Trump Claims Nonexistent Youth-Vote Landslide
Donald Trump has a habit of grossly exaggerating his popular support, particularly his performance in elections. This had famously pernicious effects in 2020: He refused to accept defeat, claiming not just that he won but that he “won by historic numbers,” and tried to overturn the results with the help of a mob that assaulted the Capitol. But it came as no real surprise, since in 2016 he couldn’t be satisfied with an Electoral College victory, instead claiming an imaginary popular vote win robbed from him by millions of illegal votes, for which he had zero evidence.

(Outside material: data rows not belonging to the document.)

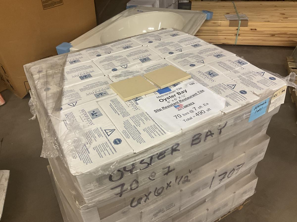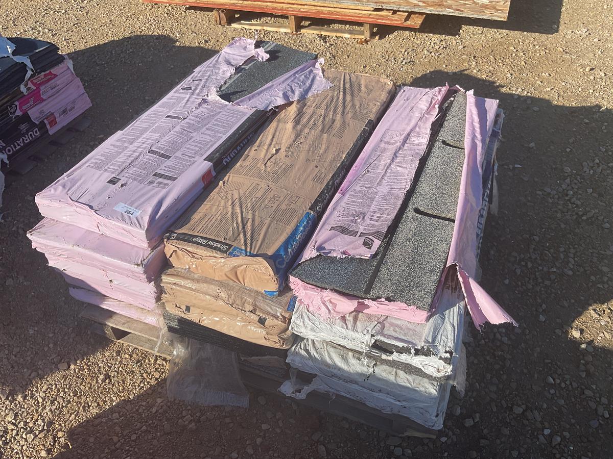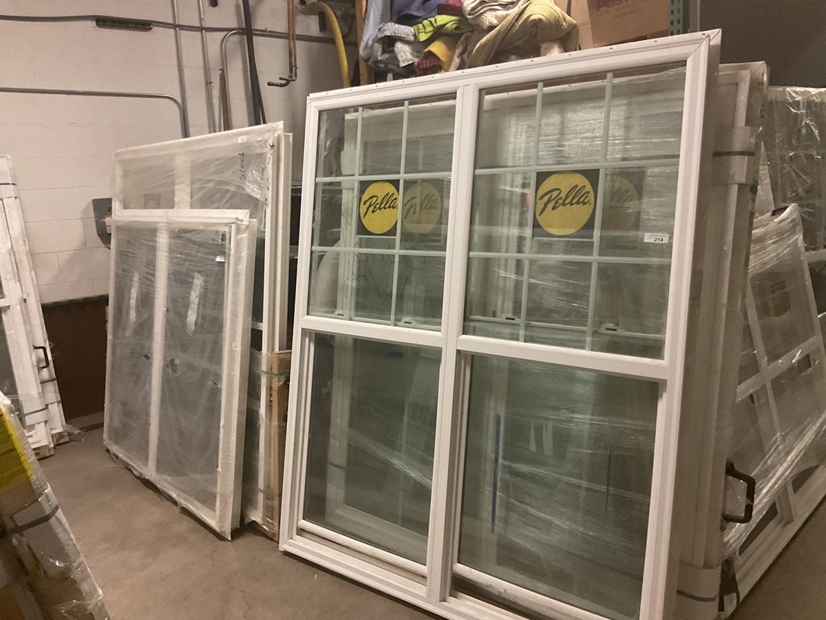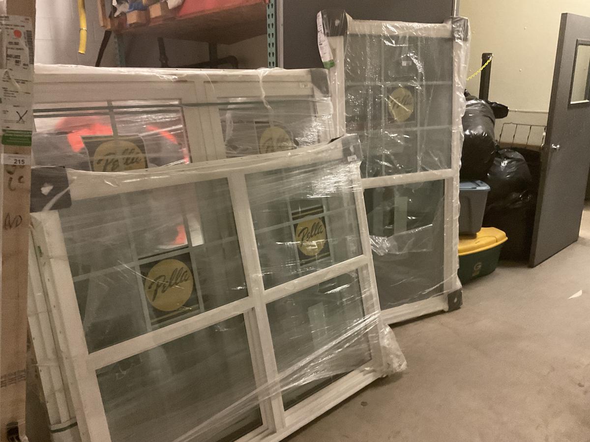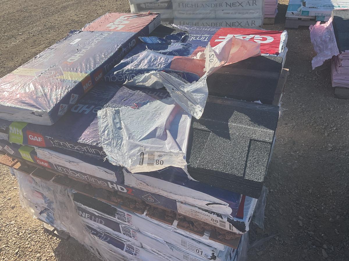 Many kitchen cabinet sets, variety of flooring, door jambs – mostly pine, trim – pine or MDF, insulation, Jacuzzi tubs, cement boards, tile, sinks – farmhouse & others, faucets, digital door locks, lighting fixtures, windows – many sizes & shapes, doors, shingles, lumber, steel beams, rib steel panels, and much more. See bid site for details and photos.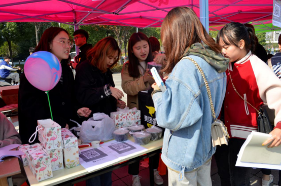 叶访春、部分职能部门负责人、分院相关负责人以及部分指导老师都亲临现场,为各团队打分并提出了宝贵的建议。为期两天的营销节里,共有38个参赛队伍,5个入驻商家。他们分别来自各分院以及越秀外国语学院,在元培掀起了一场“购物狂欢”!此次活动经营的商品范围涵盖食品、文具、书籍、绿植宠物、日用百货小商品五大类。4号店铺“幸运盒子”用独特新颖的销售模式吸引同学们的好奇心。27号“芋米”迎合学生们的需求,推出送货上门服务,充分运用自己的智慧拓宽产品市场。36号店铺港未老香港主打香草冰淇淋泡芙、爆浆巧克力蛋糕等甜品,精致的外观和优质的口感吸引了一批又一批食客购买。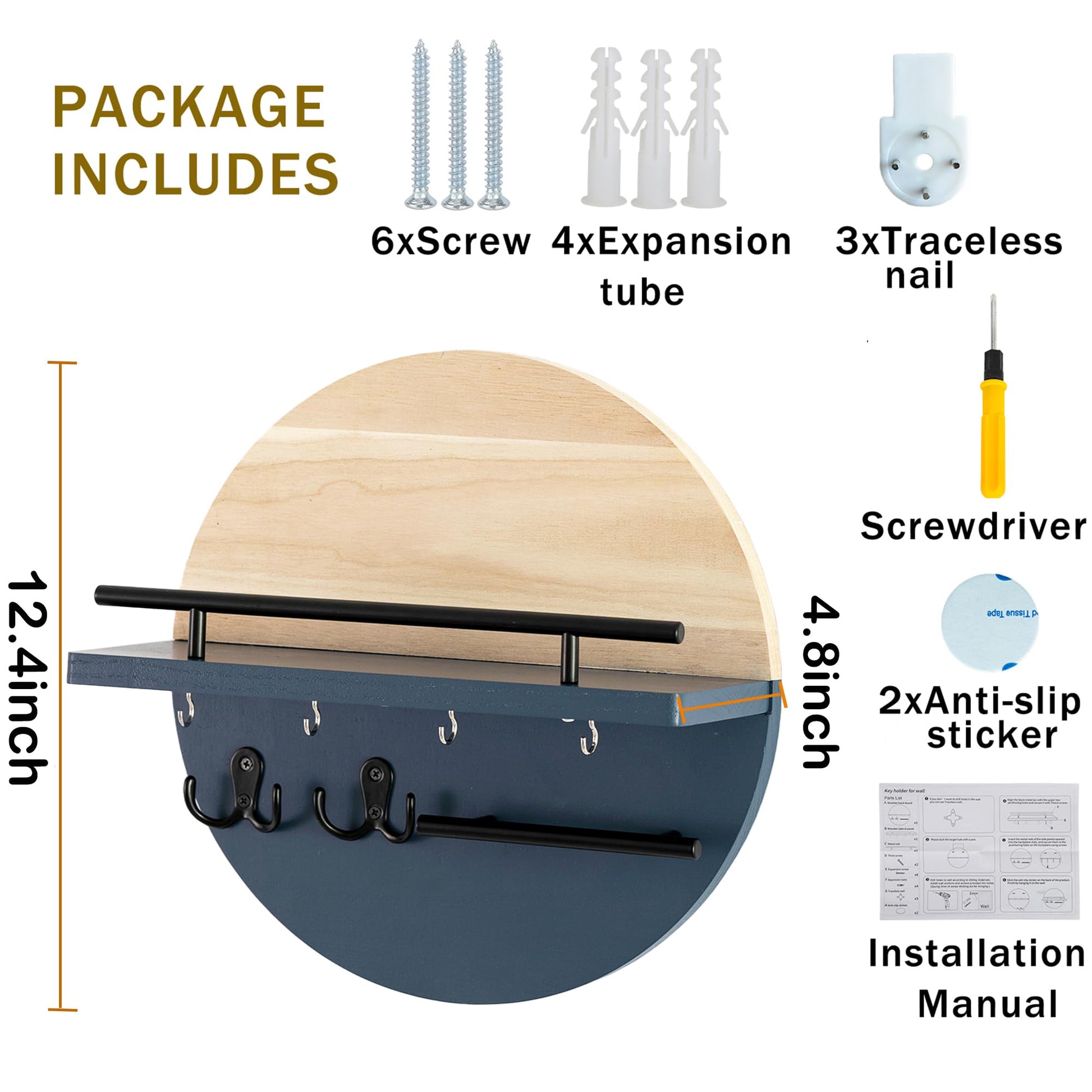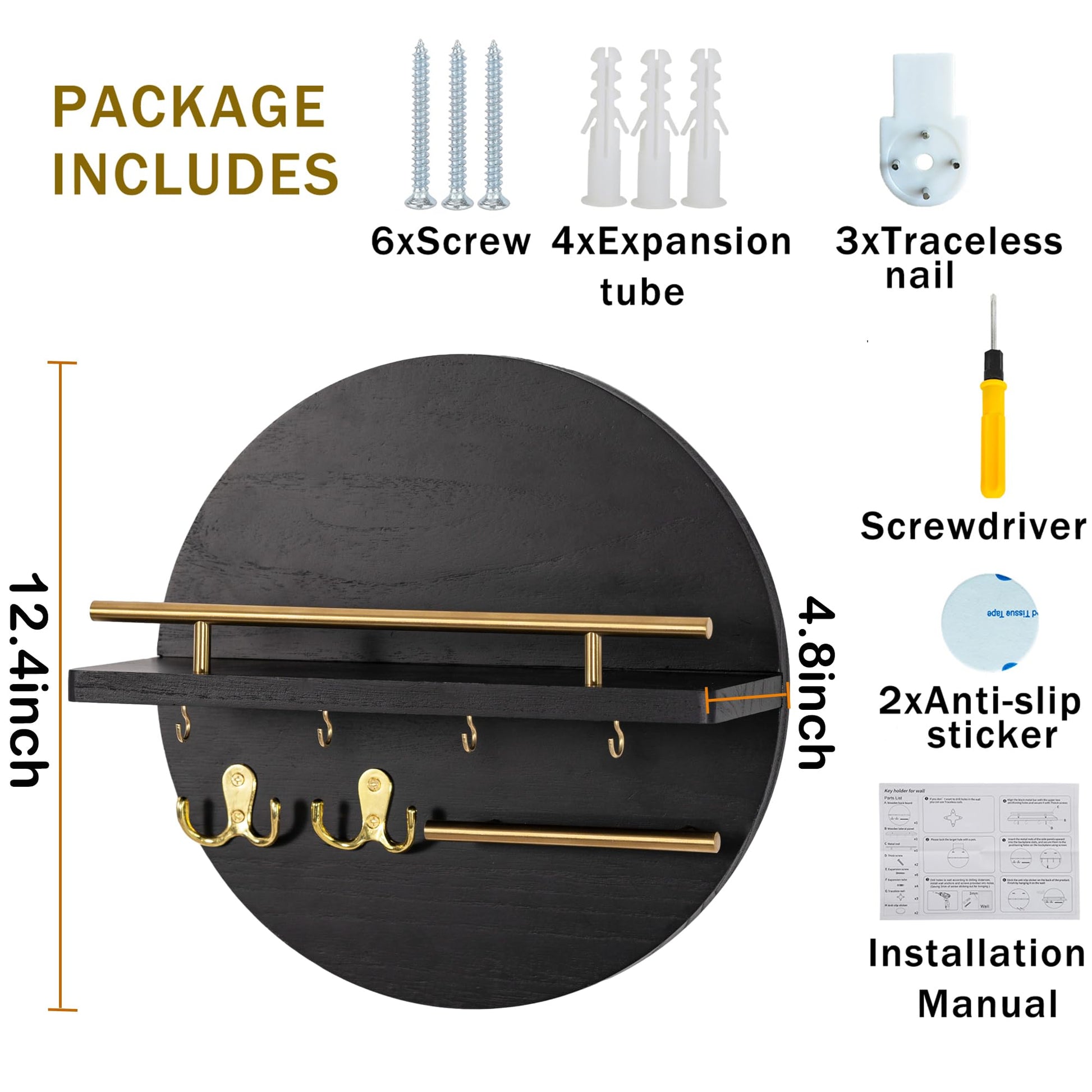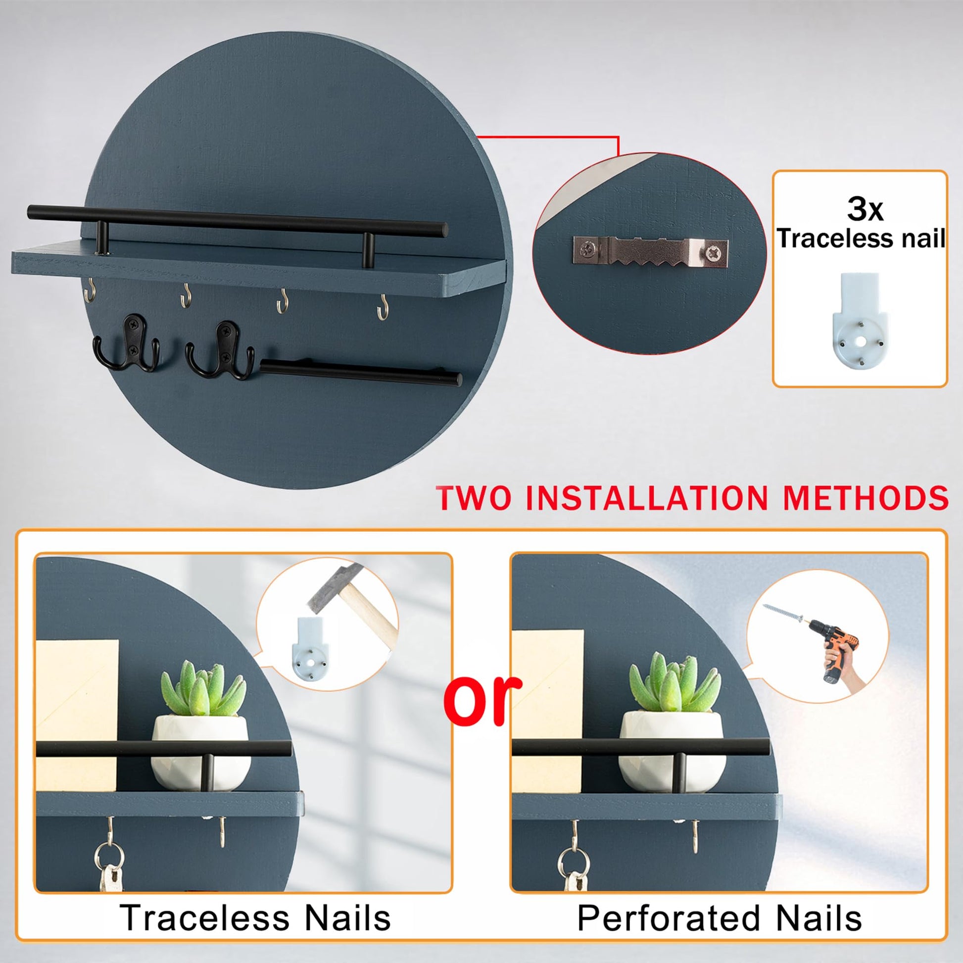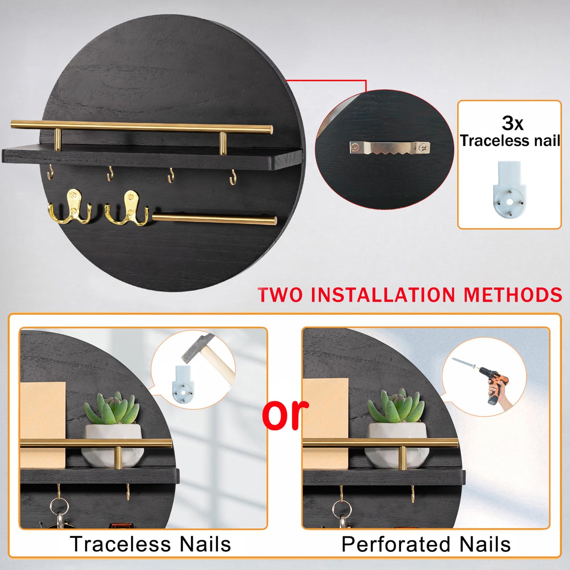 - EASY TO INSTALL KEY HANGER: The wall decorative key holder comes with drywall anchors, screws, traceless nails, screwdriver, instruction manual and other installation accessories. Everything comes pre-installed except for the small shelf and the metal Guardrail above it. If you don't want to drill holes in the wall, you can install it with traceless nails, which can support 20 pounds of weight

Now he’s won again, and absolutely no one is denying it. But Trump can’t let it go at that; he has to insist on a massive triumph, presumably in order to claim an unlimited mandate to do whatever he wants. On Election Night, he called his margin of victory “unprecedented.” During his recent big interview with Time magazine, he said, “the beauty is that we won by so much. The mandate was massive. Somebody had 129 years in terms of the overall mandate.” While, as is often the case, it’s unclear what precisely he was talking about, Trump’s electoral vote margin was the largest in … 12 years, not 129. His popular vote margin was the largest in … four years. It was less than a third of Joe Biden’s margin in 2020.
Now the president-elect’s extraordinary inflation of his victory is extending into subcategories of the electorate. In his first post-election press conference on December 16, he was asked about banning TikTok and gave this answer:
I have a warm spot in my heart for TikTok, because I won youth by 34 points … Republicans are always 30 points down in youth. I don’t know why. But we ended up finishing. There was one poll that showed us down about 30. We were 35 or 36 points up with young people. So I have a little bit of a warm spot in my heart, I’ll be honest.

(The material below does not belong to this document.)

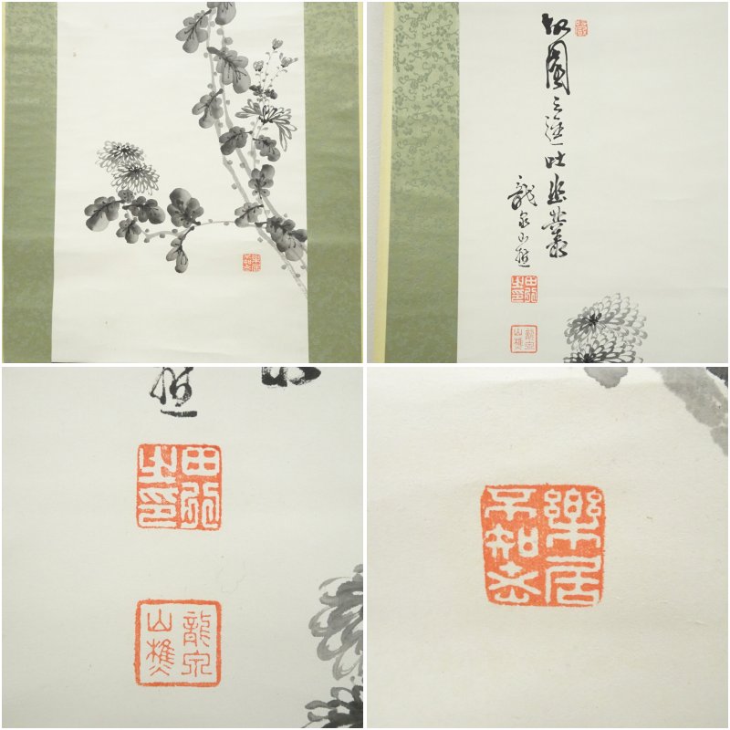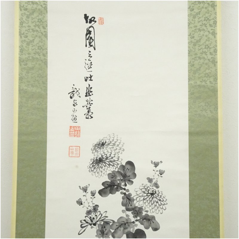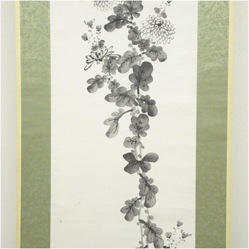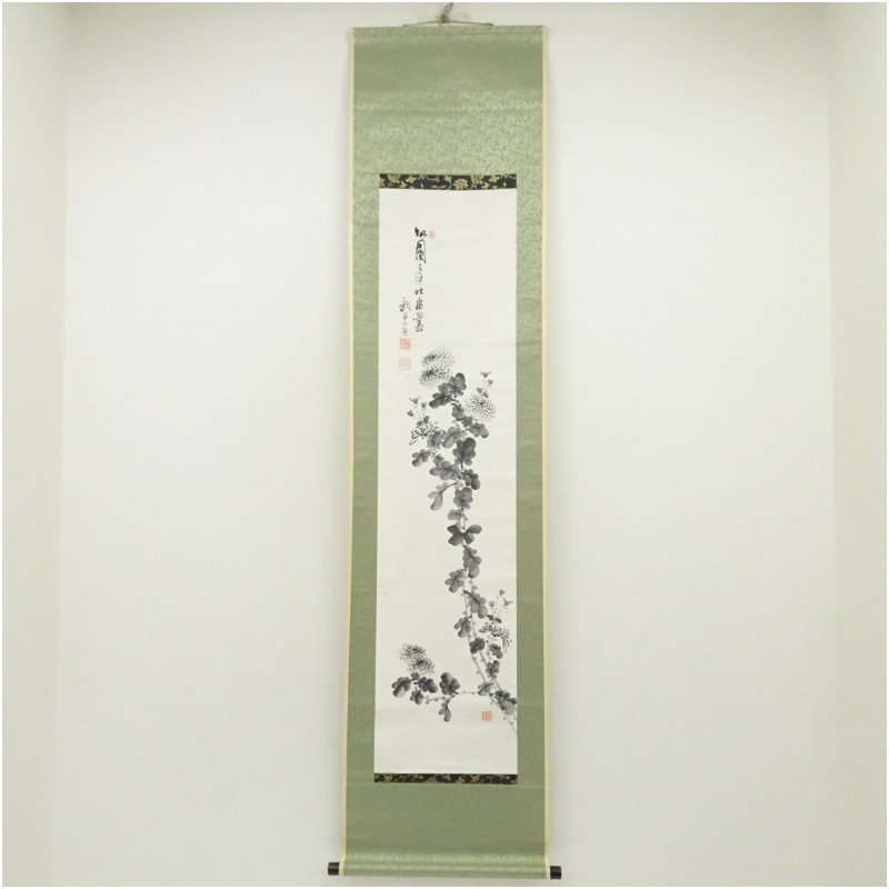 龍泉筆 水墨 菊図 肉筆紙本掛軸(保護箱) [01-250828c-048a]

Unless Trump has some data source he isn’t disclosing to us, this assertion is hallucinatory. According to exit polls, he didn’t win any age category of voters under the age of 50. (Kamala Harris won under-30 voters by 54 to 43 percent and voters in their 30s by 51 to 45 percent; the two candidates tied among voters in their 40s.) If you don’t trust the exit polls, the authoritative Tufts analysis of the youth vote did show closer margins, but Harris defeated Trump among under-30 voters by 51 to 47 percent and among voters 30-44 years old by 50 percent to 47 percent. There’s no Trump youth-vote victory at all, much less a 34-point win. Yes, the former president made significant gains over his wretched 2020 showing in this demographic, but the improvements are about a net gain of 13 points, not anything like what Trump is talking about.

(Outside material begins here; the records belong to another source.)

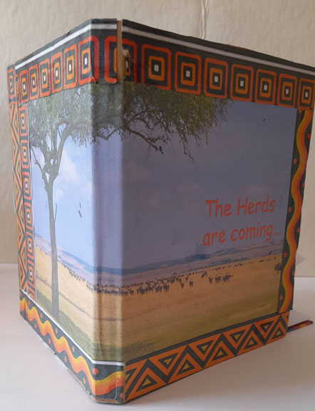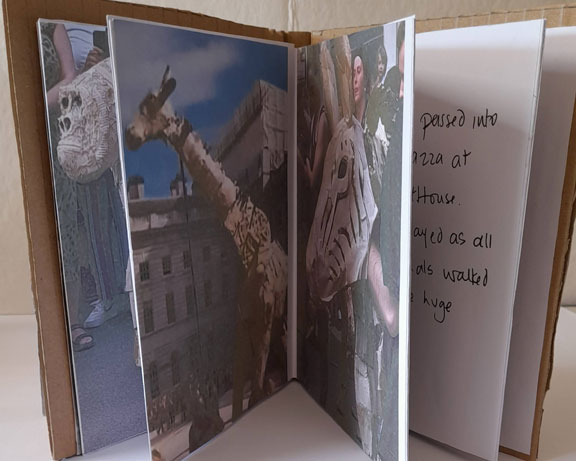 Concertina bookwork with corrugated card cover: The Herds are Coming to London, (May 2025). I made this book after seeing the Herds that came to Somerset House in London: Hand constructed large, life size animals: giraffes, lions, baboons, etc. A wonderful event that travelled from Africa to the Arctic and many countries on the way.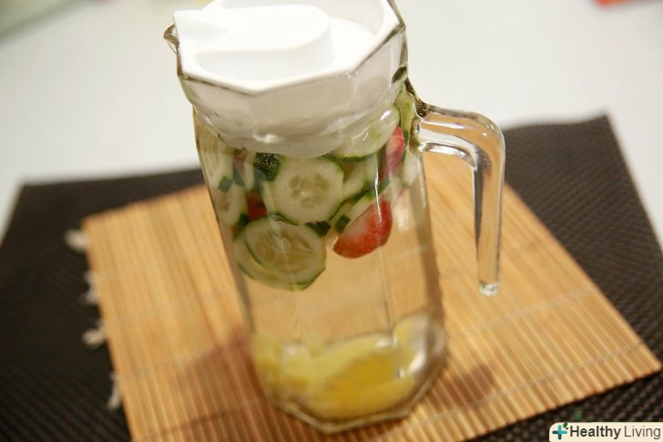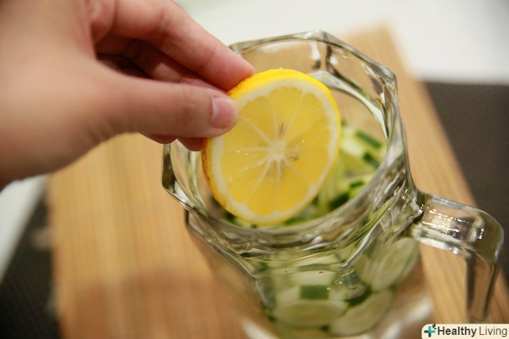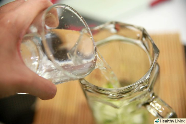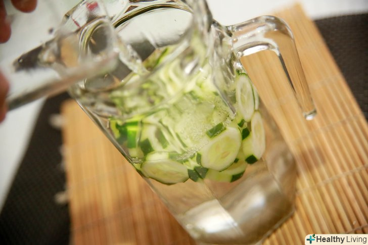 Долийте в глечик води.Один і той же огірок і різні добавки, які ви використовуєте (читайте далі), можна використовувати кілька разів. Просто залиште шматочки огірка в глечику і заповніть його водою.- Коли вода стане позбавленою смаку, просто викиньте або з'їжте залишилися огірки.
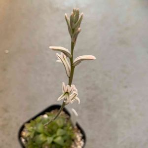 我が家のハオルチア報告 取り敢えずグングン伸びてはいるけれど まだ伸び足らないと ハオルチア自身は思ってる…🤨 白い透明な花🌼と分かってはいても じれったいものです😅

Does it matter that the next president of the United States regularly and blatantly misstates his performance in elections? Is this just another example of utterances we should “take seriously but not literally?” I might be able to go along with that if he and his supporters had not used misinformation about election results to deny one defeat and to treat his narrow victories as representing a history-changing realignment that should silence all critics and opponents in both parties. Trump won the 2024 election and is inheriting enormous power as a result, thanks to our winner-take-all system of government. He shouldn’t be able to add to that power by just making up massive victories out of thin air.